Probably now reboot to get all your services updated too (e.g. cron).

  • -1: Do not ever use cp to set /etc/localtime. /etc/localtime is a symlink to the correct file. If you use cp to change it, you will actually clobber the contents of whatever tzdata file it's currently pointing to, so suddenly (for example) the UTC tzdata file contains timezone data for Europe/London instead of for UTC, which is bad (and annoying to troubleshoot, as I can say from personal experience) – Foogod Jul 18 at 7:33

Here's the method I use, which is US-centric as I don't need to worry about non-US time zones.

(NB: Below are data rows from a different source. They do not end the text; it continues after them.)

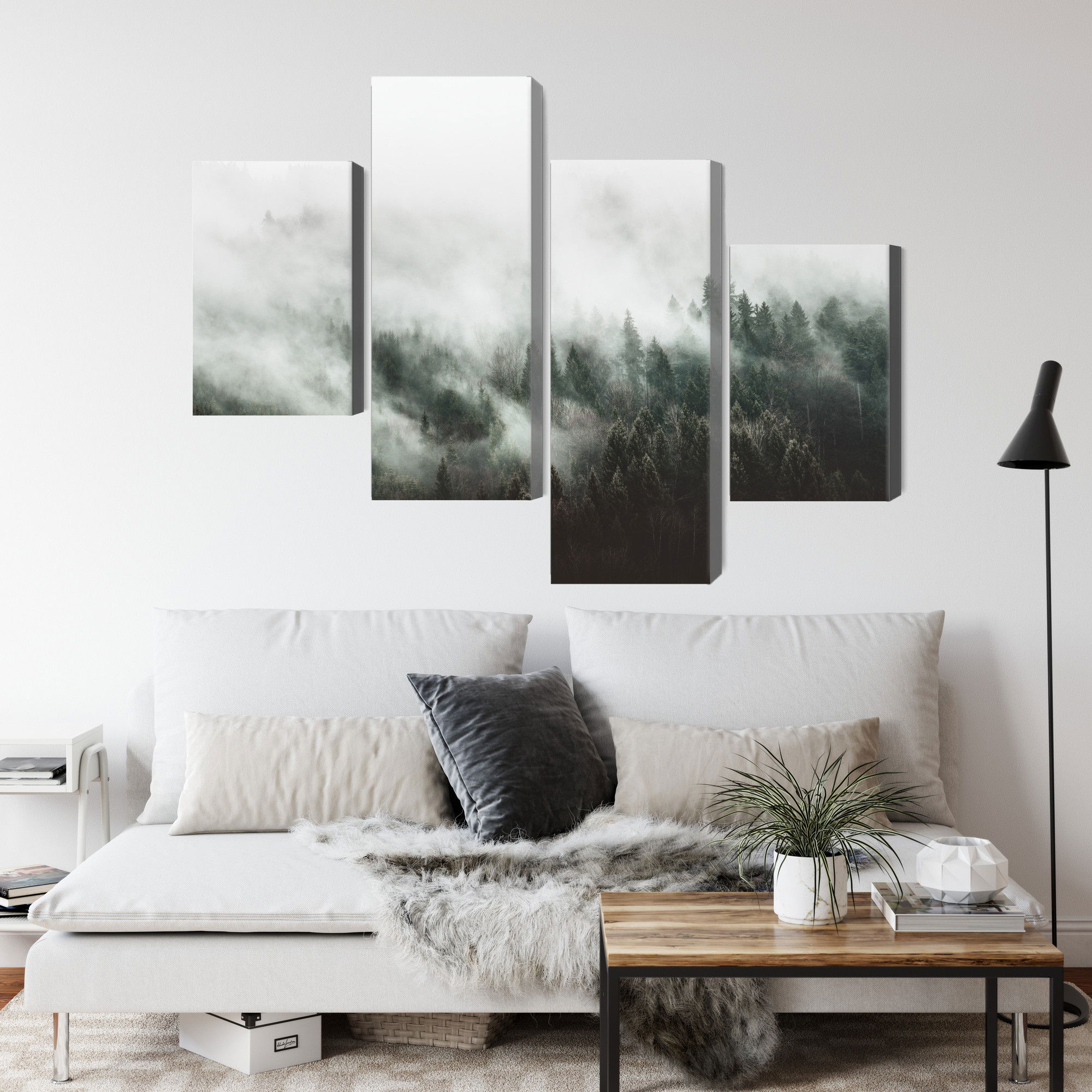 Ljuddämpande tavla – 3d misty forest landscape för lugnare rum och mjukare akustik
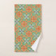 This set of abstract orange-inspired bath towels is the perfect way to add a pop of color to a plain white bathroom.
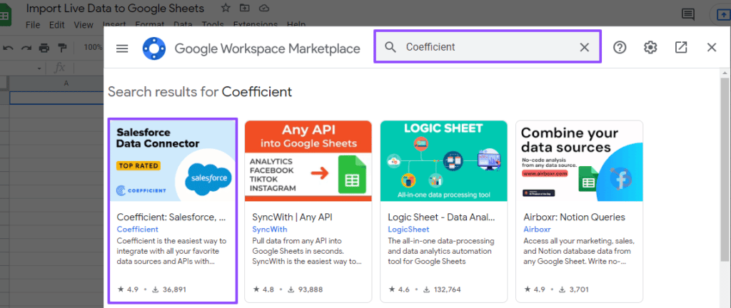Type in Coefficient in the Google Workspace Marketplace search box and click the app to install it.
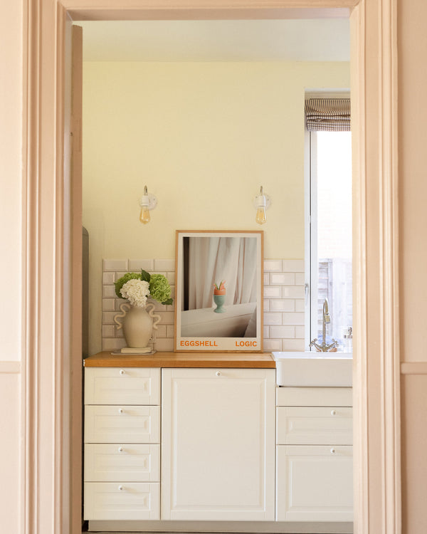 Kunstplakaten: “Eggshell Logic” af kunstnerne Frederik Højfeldt er en grafisk illustreret plakat der er eksklusivt lavet til Peléton. Det har været betydningsfuldt for dem, at plakaten står til fri fortolkning. Dette værk er en del af en samling af eksklusive kunstplakater der udtrykker minimalisme og enkelhed.
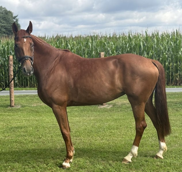 A 1.70 m, 6-year-old chestnut mare by Santo Domingo x Benetton Dream x Rohdiamant is available for sale. Saphira (as we call her) is a gentle mare with excellent rideability, very easy to ride, with good basic gaits, a natural forward movement, and a solid jumping technique with a well-controlled canter to the jump. She has been carefully trained by an amateur rider and has not yet been shown in competitions, as there were no ambitions in that direction. We are looking for a home where she will continue to be thoughtfully and lovingly supported. She is a horse that can bring joy in dressage, jumping, or even trail riding. An all-rounder with whom there is much to learn and from whom one can enjoy many shared experiences. She is being sold solely for private and health reasons of her owner. Good older X-rays are available. Saphira is familiar with dogs, cats, goats, pigs, tractors, and all other farm noises and equipment. She is herd-compatible, accustomed to daily turnout and lunging (weather permitting). Her character is affectionate, friendly, and people-oriented. She demonstrates a good work ethic. Over fences, she is honest, with good awareness and caution. She reliably completes small courses. She is a horse that wants to do everything correctly and to please in daily work. Due to her pedigree, solid foundation, attitude, character, and rideability, she could also become an interesting broodmare later on. A trial ride is possible at any time.
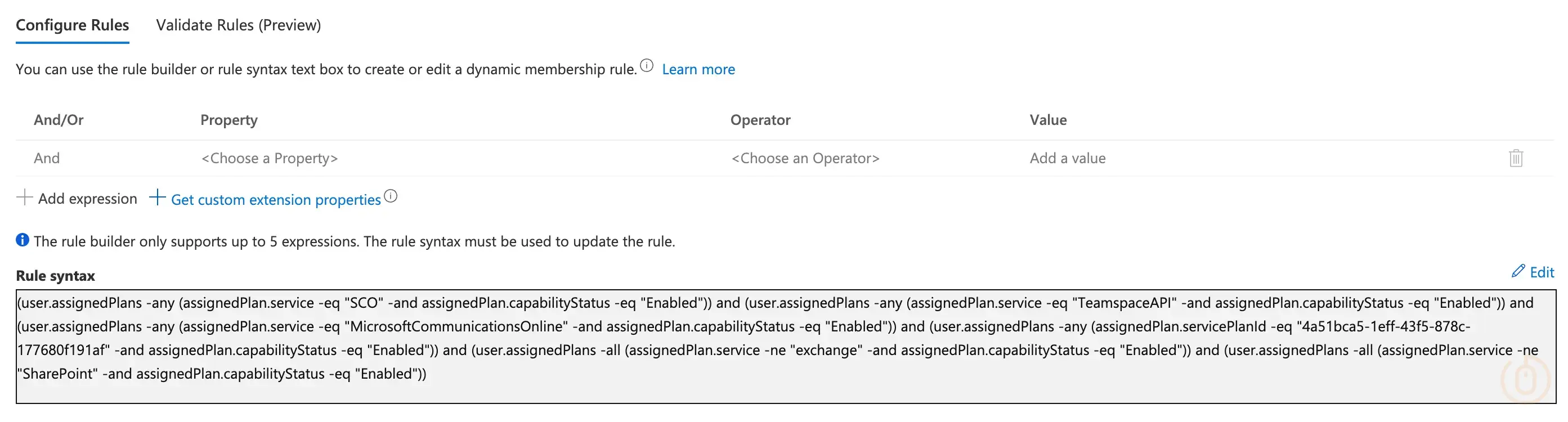 In the below example, the accounts didn’t have a Microsoft 365 Phone System license so the (user.assignedPlans -any (assignedPlan.servicePlanId -eq "4828c8ec-dc2e-4779-b502-87ac9ce28ab7" -and assignedPlan.capabilityStatus -eq "Enabled")) part of the rule was removed:

If I need to determine the current time zone, I either do:

cat /etc/timezone  

or

sudo hwclock --show  

I then do:

timedatectl set-timezone <_designation_>

where <_designation_> is one of the following:

US/Eastern
US/Central
US/Mountain
US/Pacific
US/Alaska
US/Aleutian
US/Arizona
US/East-Indiana
US/Hawaii
US/Indiana-Starke
US/Michigan
US/Pacific-New
US/Samoa

E.G.:

timedatectl set-timezone US/Eastern  

Other timezone designations can be found here: https://en.wikipedia.org/wiki/List_of_tz_database_time_zones

  • tzselect is a nice way to get the timezone string – Martin Thoma Nov 14 at 9:15

You cannot do this unless you select the time zone file you want to correspond to each time zone offset.

Some answers suggested using the files in /usr/share/zoneinfo/Etc, but the problem with these is that they are DST agnostic.

So unless you pick some time zone configuration to match each offset, or you don't care about DST, there is no way to do it generically.